Detto questo, diverse cose, invece, li accomunano e anche per Draghi la luna di miele con i partiti è finita. Dopo l’idillio, emergono in lui gli stessi limiti che caratterizzavano anche Monti. Il fatto di essere avulso dal sistema dei partiti, innanzitutto, ma anche una scarsa propensione a immedesimarsi nei problemi reali della gente, vista la attitudine a gestire banche e multinazionali. Le vicende dell’emendamento al Ddl concorrenza che riguarda i balneari è l’esempio che fa capire la situazione. Draghi come Monti ha la tendenza a tirare dritto senza curarsi di quello che incontra.
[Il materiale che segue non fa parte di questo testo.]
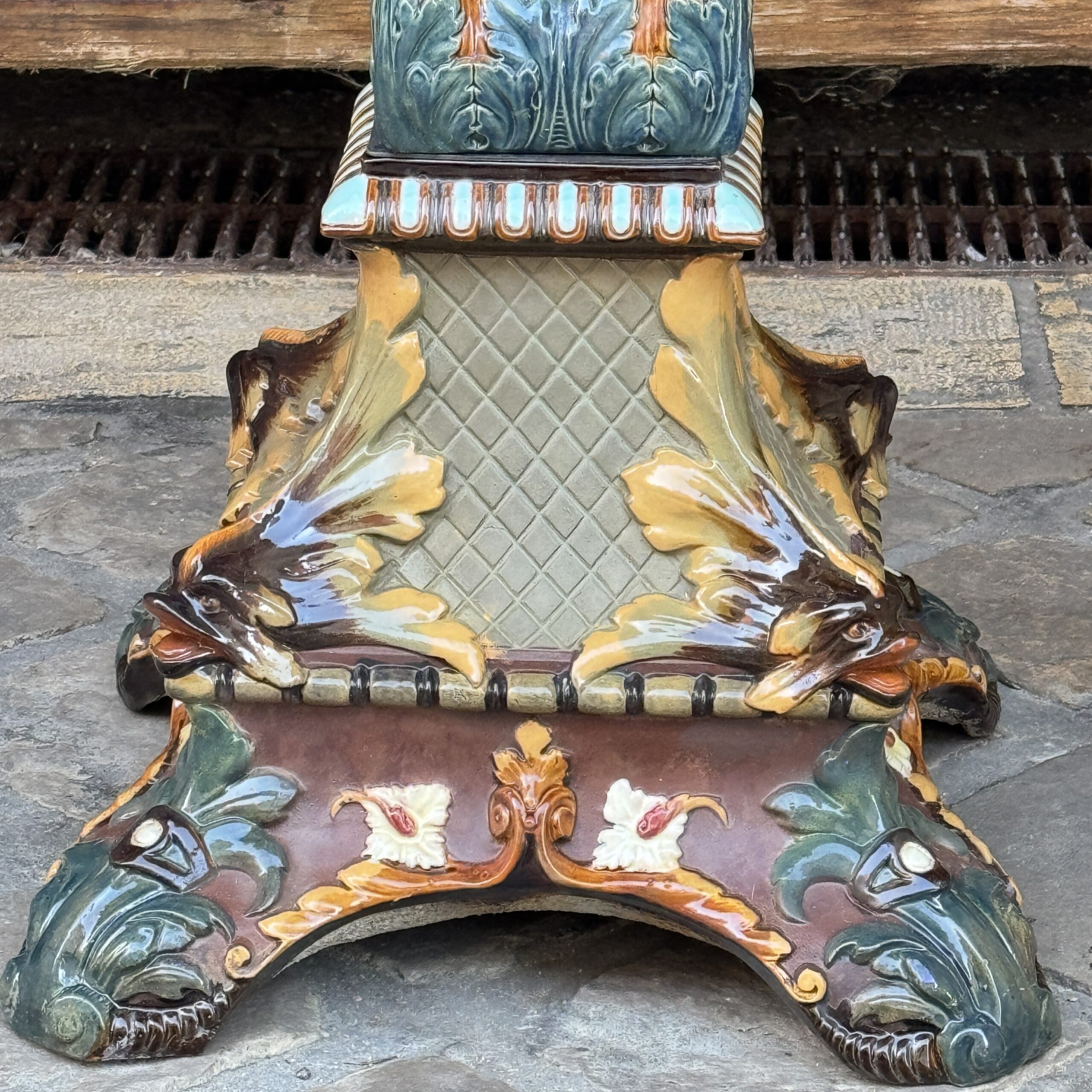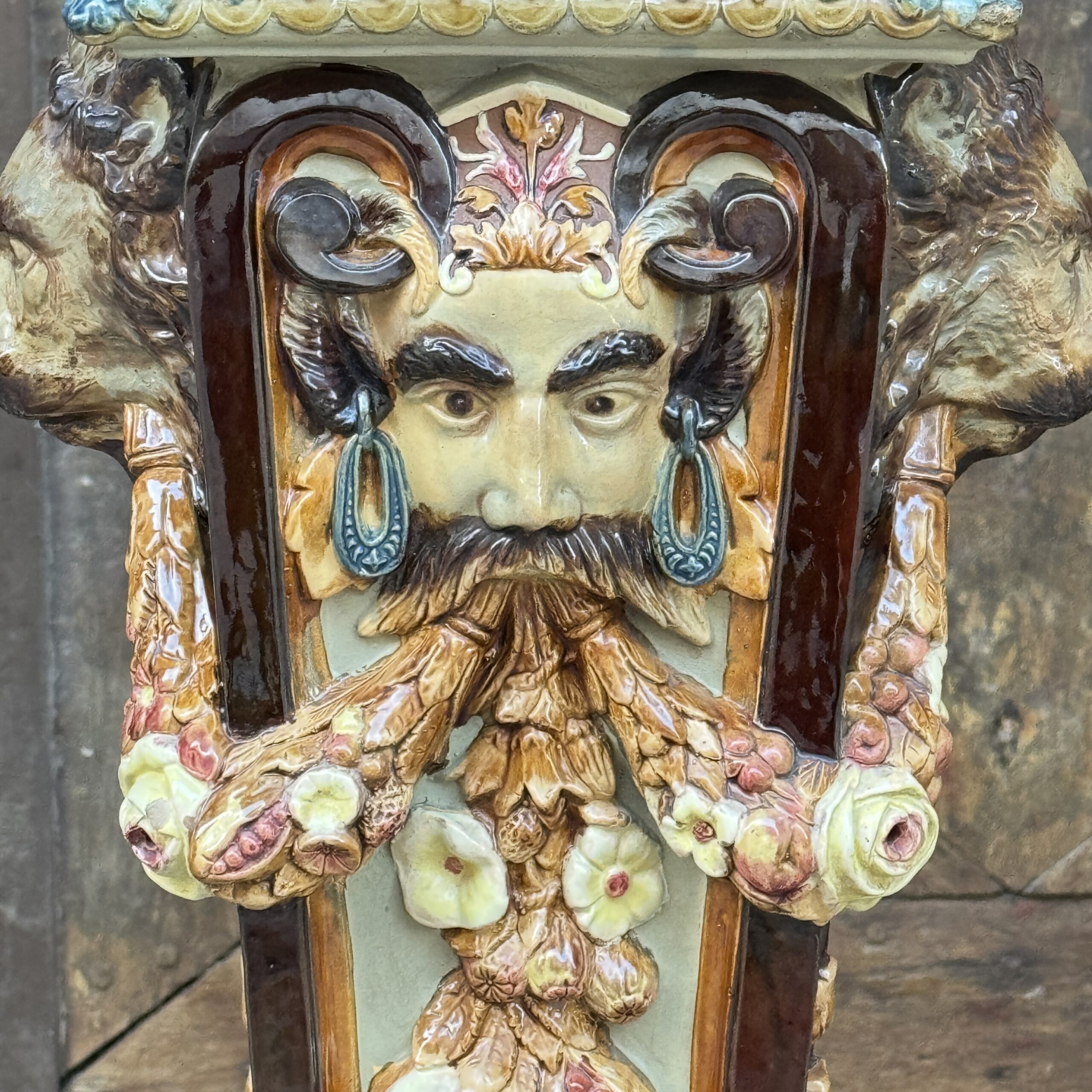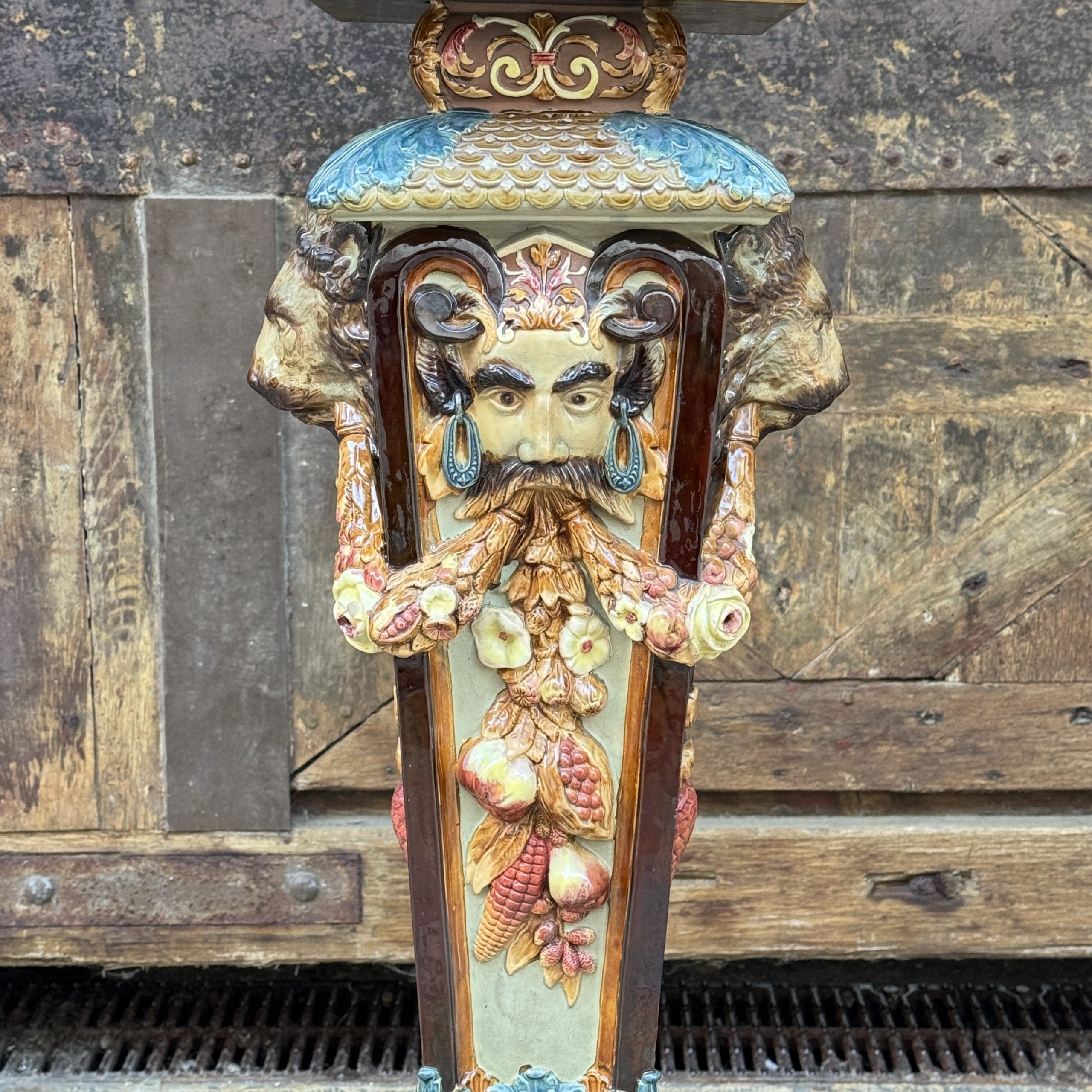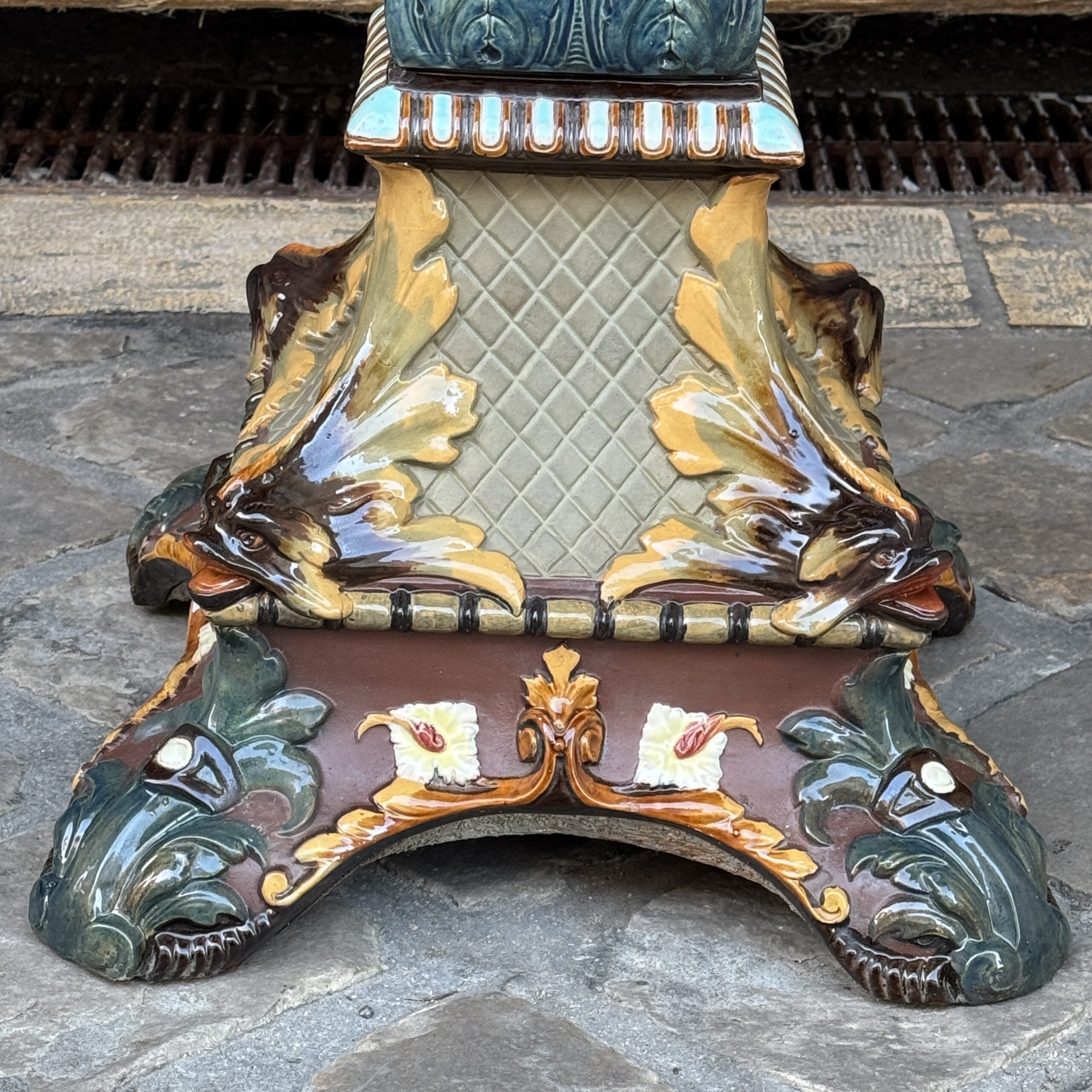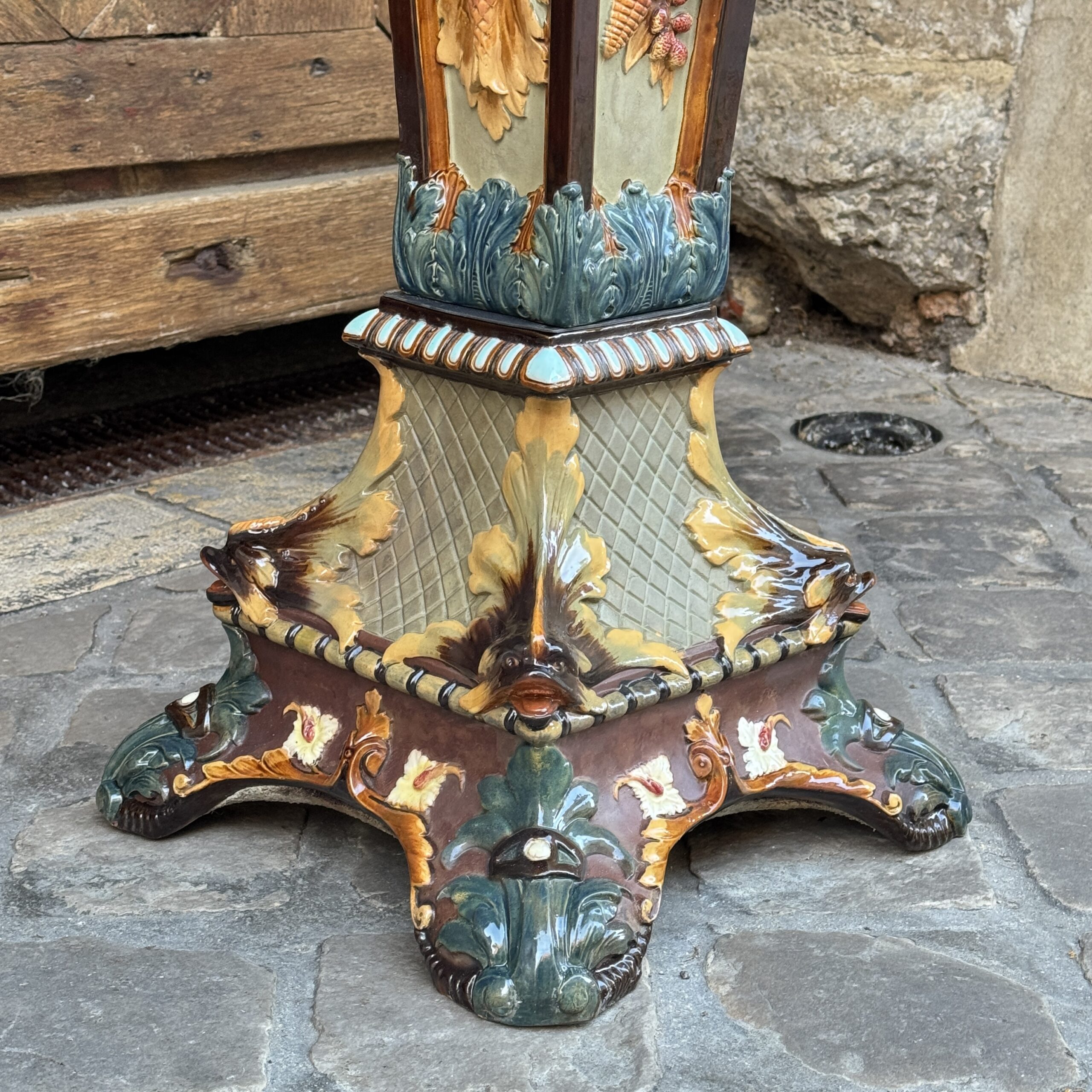 Colonne en faïence à décor de félin et d’homme de profils dont sorte de chaque bouche une guirlande de fleurs faisant le tour de la colonne. Dans le centre décor de fruits exotiques et base à décor de triton dans chaque angle.

Nel caso specifico, vuole far decadere entro il 2023 tutte le concessioni demaniali per finalità turistico ricreative, richiedendo per tutti nuovi bandi.

Lo chiede l’ Europa, certo, ed esistono i principi della libera concorrenza, ma non si possono lasciare dall’oggi al domani 30mila piccole aziende e 100milapersone senza un futuro. Per questo, la posizione di Draghi crea diversi problemi sul territorio ai partiti. Questioni da prima Repubblica? Forse, ma l’approccio della politica è diverso da quello di Draghi e Monti: la politica è costretta a mediare, i banchieri ed i professori hanno sempre un preciso obiettivo che perseguono a qualunque costo. Oggi pare si senta il bisogno di più politica.